┌─ Raw data

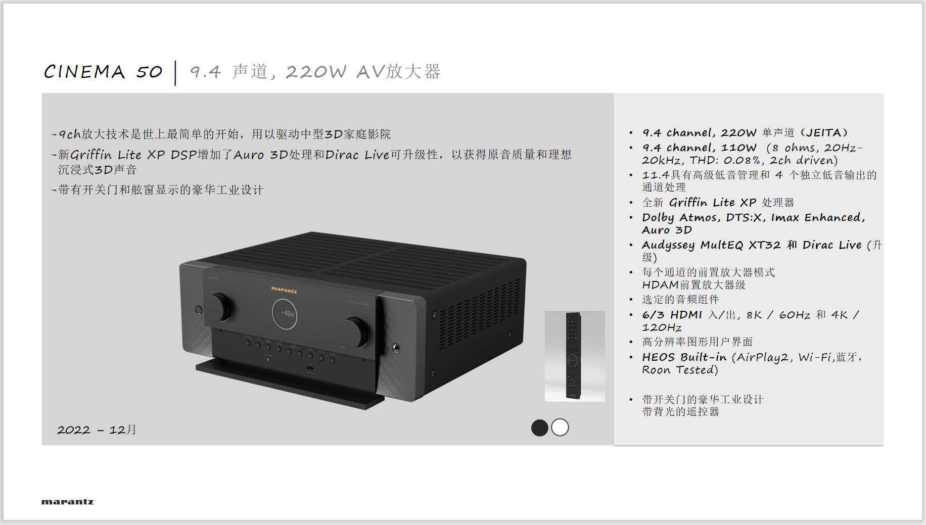 而马兰士在这一规格相近的产品是Cinema50110W和Cinema40125W。
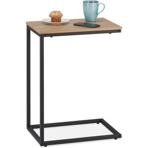 Relaxdays C-shaped side table with storage top and shelf, HWD 60 x 55 x 36 cm, for sofa & bed, metal & MDF, brown/black
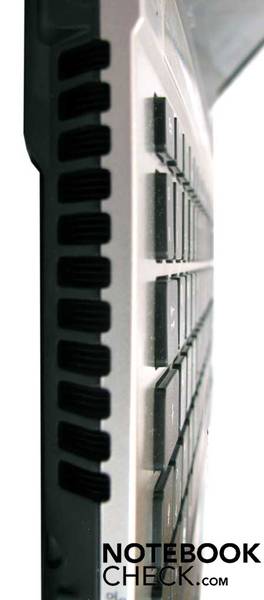 Die Verlustleistung der CPU und GPU wird durch das neue Lüfterkonzept, das beim Acer Aspire 4830TG zum Einsatz kommt, schnell und effektiv nach außen abgeführt. Hierzu befindet sich linkerhand eine große Lüftungsöffnung. Hier bläst der Lüfter die erwärmte Luft nach außen. Wie schon oben beschrieben mit bis zu 40,6 dB(A). Unter Last wird die ausströmende Luft deutlich wärmer, als nur beim Surfen oder Texte schreiben. Unter Last stiegen die Temperaturen an der Geräteunterseite an, und könnten bei der Benutzung des Notebooks auf den Oberschenkeln schon unangenehm werden.
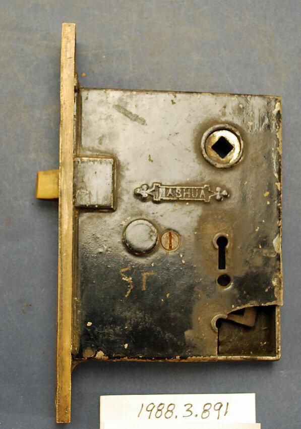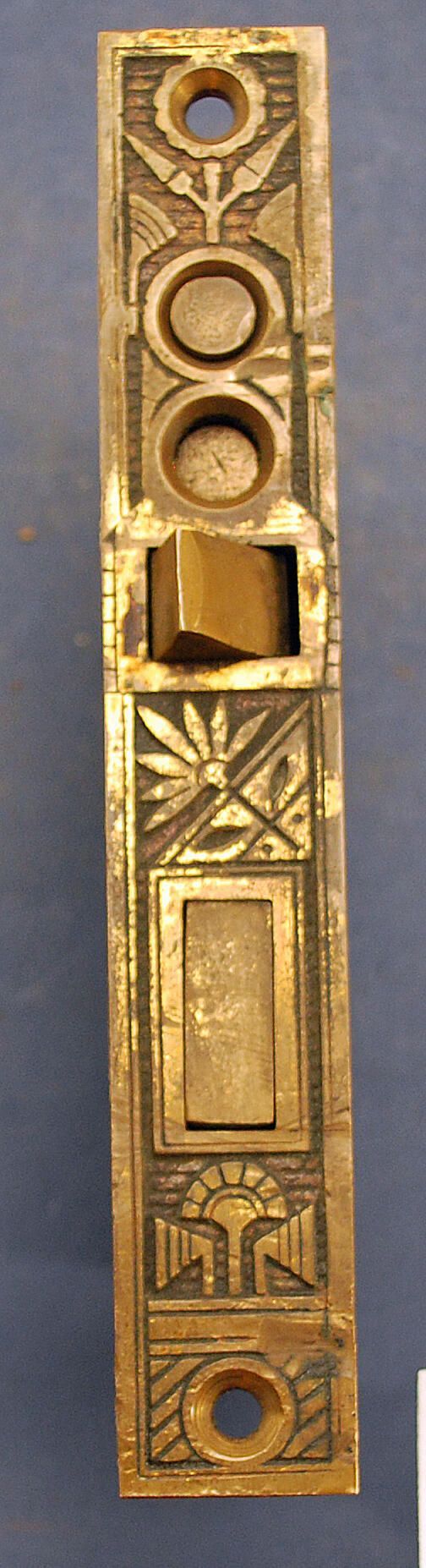 Comments: Dual Keyhole. (Ornamental Bronze Case). Face Plate, Cast Iron Case. Cover is Broken.
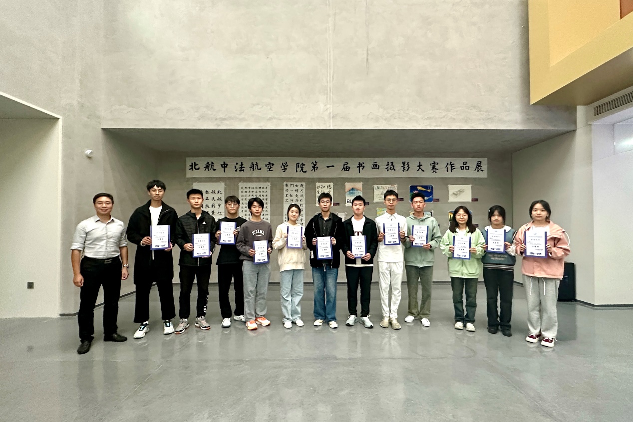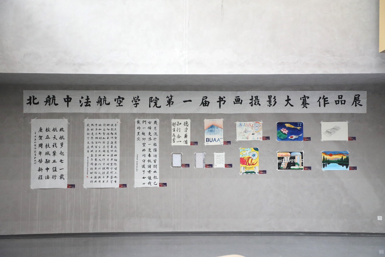 À l'occasion du 71e anniversaire de Beihang, le premier concours de calligraphie, de peinture et de photographie de l'Institut sino-français d'Aviation civile Beihang-ENAC, sur le thème « Le son dans la lumière, la rime dans l’encre » a été lancé. Dans la salle d'activités des étudiants, on a félicité avec les pinceaux le 71e anniversaire de Beihang, qui a de nobles aspirations pour servir la patrie par l'aérospatiale. On a peint des peintures du campus international de Beihang (Hangzhou). Sur les routes bordées d’arbres, on a pris des photos pour capturer le paysage du coucher de soleil et l'atmosphère humaniste du campus. Le concours a reçu près de 100 œuvres de calligraphie, de peinture et de photographie, et 38 œuvres se sont distinguées lors du vote conjoint de tous les enseignants et étudiants. Dans l'après-midi du 25 octobre, la directrice HONG Guanxin et d'autres dirigeants du collège ont remis les prix aux étudiants gagnants.
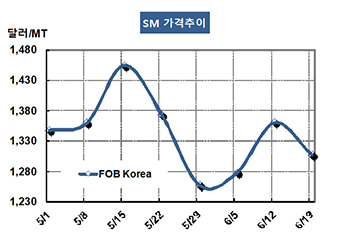 표, 그래프: < SM 가격추이 > <화학저널 2015/06/24> |
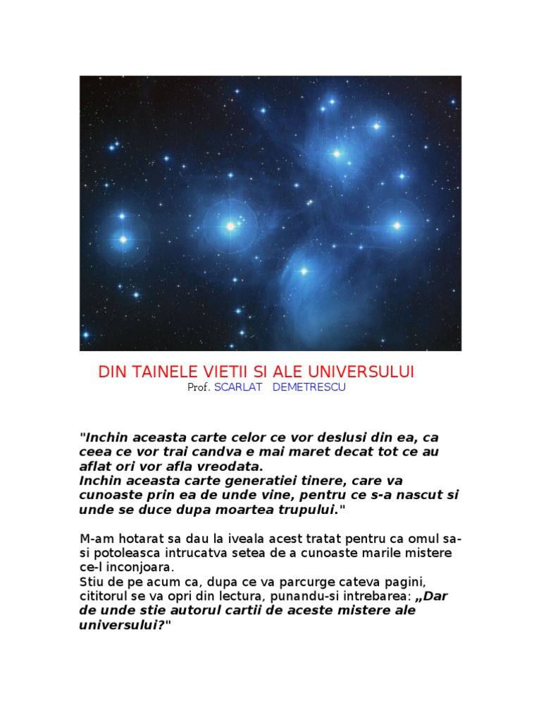 Din Tainele Vietii Si Ale Universului Scarlat Demetrescu Pdf
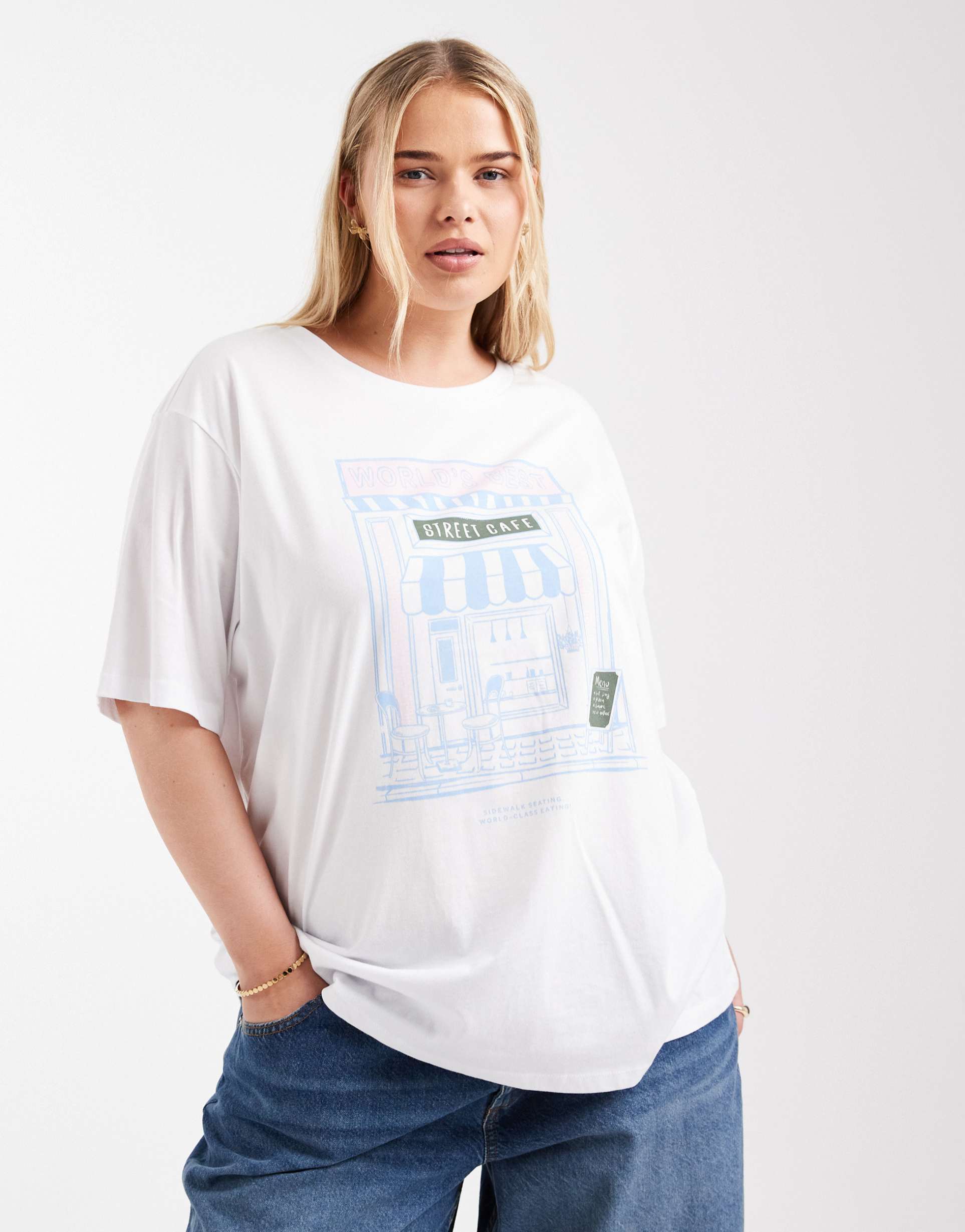 ONLY CURVE CAFE GRAPHIC OVERSIZED T-SHIRT IN WHITE

└─

**Prompt**
Keep to the lines above from the line with "Die Verlustleistung der" to the line with "Comments: Dual Keyhole.", and set down exactly those, inclusive, with nothing else and every picture left out.

**Answer space**
 Die Verlustleistung der CPU und GPU wird durch das neue Lüfterkonzept, das beim Acer Aspire 4830TG zum Einsatz kommt, schnell und effektiv nach außen abgeführt. Hierzu befindet sich linkerhand eine große Lüftungsöffnung. Hier bläst der Lüfter die erwärmte Luft nach außen. Wie schon oben beschrieben mit bis zu 40,6 dB(A). Unter Last wird die ausströmende Luft deutlich wärmer, als nur beim Surfen oder Texte schreiben. Unter Last stiegen die Temperaturen an der Geräteunterseite an, und könnten bei der Benutzung des Notebooks auf den Oberschenkeln schon unangenehm werden.
 Comments: Dual Keyhole. (Ornamental Bronze Case). Face Plate, Cast Iron Case. Cover is Broken.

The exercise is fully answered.